Старищинских, односельчан своих, полицаи сначала не очень прижимали, все больше по другим деревням орудовали. Правда, колхоз здешний Антонов в первые же дни оккупации разогнал, себе да подручным своим все, что получше, заграбастал, а остальным — “Цыц мне, иначе в Порхов отправлю!” Что будешь делать? Молчали люди, лишь бы не трогал. Только недолго так продолжалось. После того, как разнесли партизаны комендатуру и гарнизон в Хрычково, да особенно после казни волостного бургомистра Михайлова, Алешка-каин и до своих добрался.
Как говорится, совсем озверел, гад, сколько ни льет людской крови, все ему мало. То в деревне нагайкой кого-нибудь исхлещет, то семью до нитки оберет-ограбит.
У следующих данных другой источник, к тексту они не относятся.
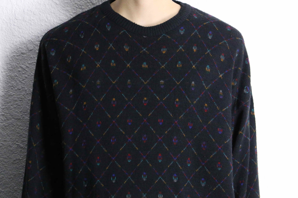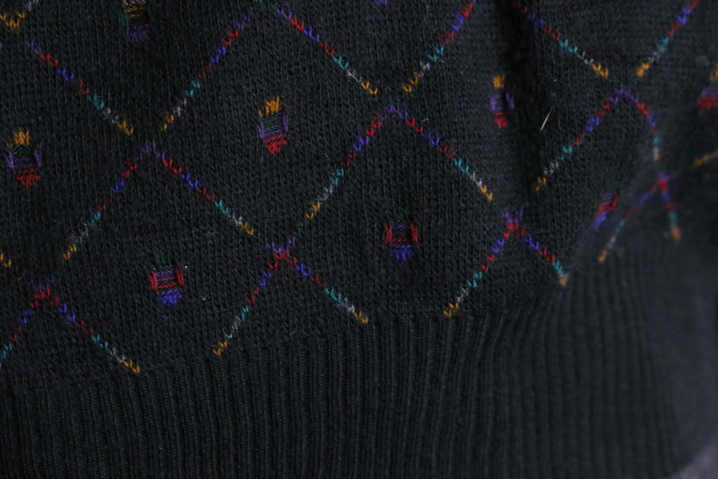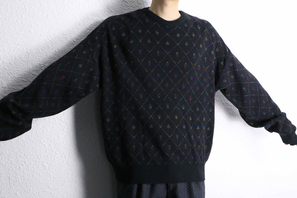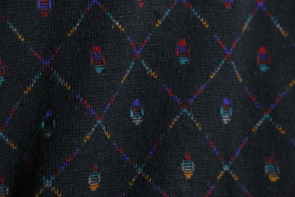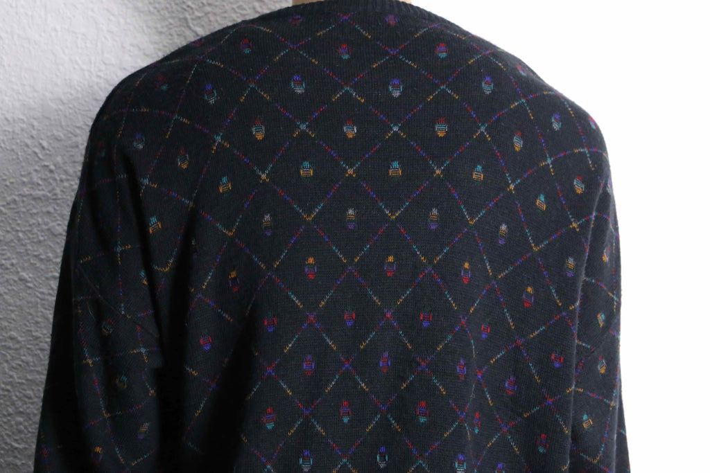 孔雀の羽模様とも見て取れた細い線で描かれた単調ながら美しいアーガイルの総柄ニット。
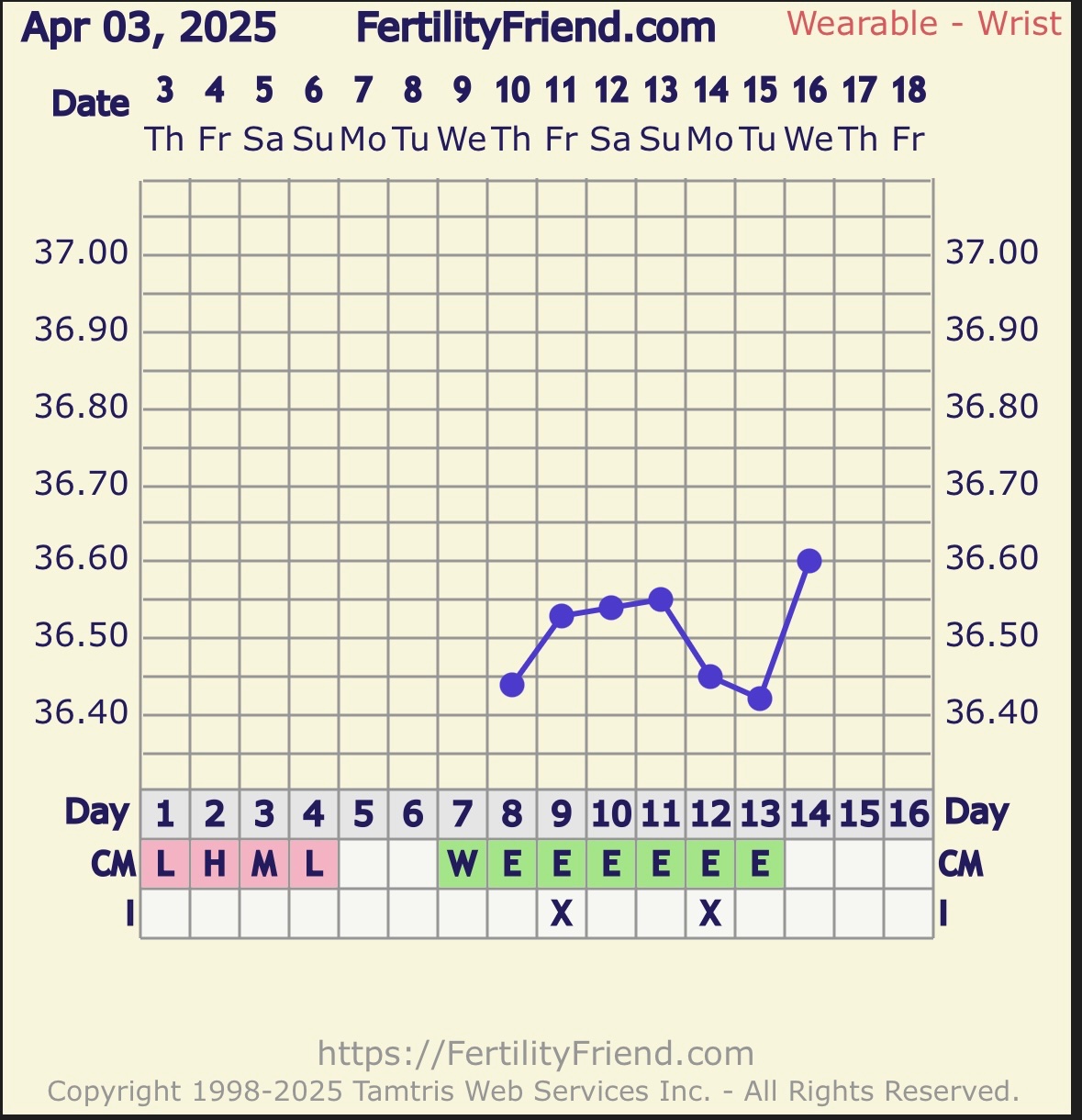 Det kaaan se ut til at eggløsning var igår, evt dersom tempen fortsetter å stige raskt - så kan FF sette eggløsning idagBlir eggløsning i morgen, så spent på hvordan den blir da
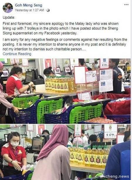 (新加坡7日讯)新加坡巫裔女义工到超市用上7辆手推车购买粮食,准备用作慈善用途,却遭该国1名反对党领袖发帖,质疑她批量购买的行为;后者之后为其帖文,对该名女子造成的负面留言道歉。
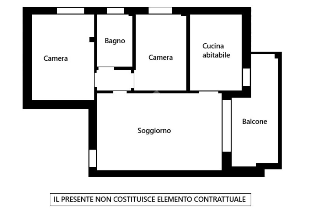 Ingresso, soggiorno con accesso al terrazzo, cucina abitabile (accesso al terrazzo). La zona notte è composta da: disimpegno, servizio finestrato (dotato di doccia), ampia camera matrimoniale e seconda camera.

Злость свою, значит, на ни в чем не повинных срывал.
В эту самую пору он и жену свою на тот свет отправил: нальется самогоном по самые зенки и давай кулачищами молотить. Померла… Сын у них был, Иван, по отцовскому имени ему Алексеев фамилия, так и того — даром, что тоже в полиции служил — старший Любашкин только-только в гроб не загнал.
Мы один за другим начали в лес подаваться. И я ушел. Жен и детишек наших, правда, Антонов не трогал: боялся, что и ему головы не сносить, и усадьбе его пожара не миновать — все уничтожим, под корень! Да и невыгодно было перед фашистами в своем бессилии признаваться. Какой ты, скажут, к черту полицай, если партизан боишься, в своем же селе не можешь порядок навести? Вот и помалкивал. А тут немцев лихорадить начало: и армия наша с фронта поджимает, и в тылу с каждым днем все горячей становится. Полицаям же вовсе припекло: ни минуты покоя, гоняют их гитлеровцы то туда, то сюда — только успевай поворачиваться!
Таким вот манером прилетают однажды в деревню немецкие грузовики, и в тот же час всю полицию, всех до единого — марш в Порхов!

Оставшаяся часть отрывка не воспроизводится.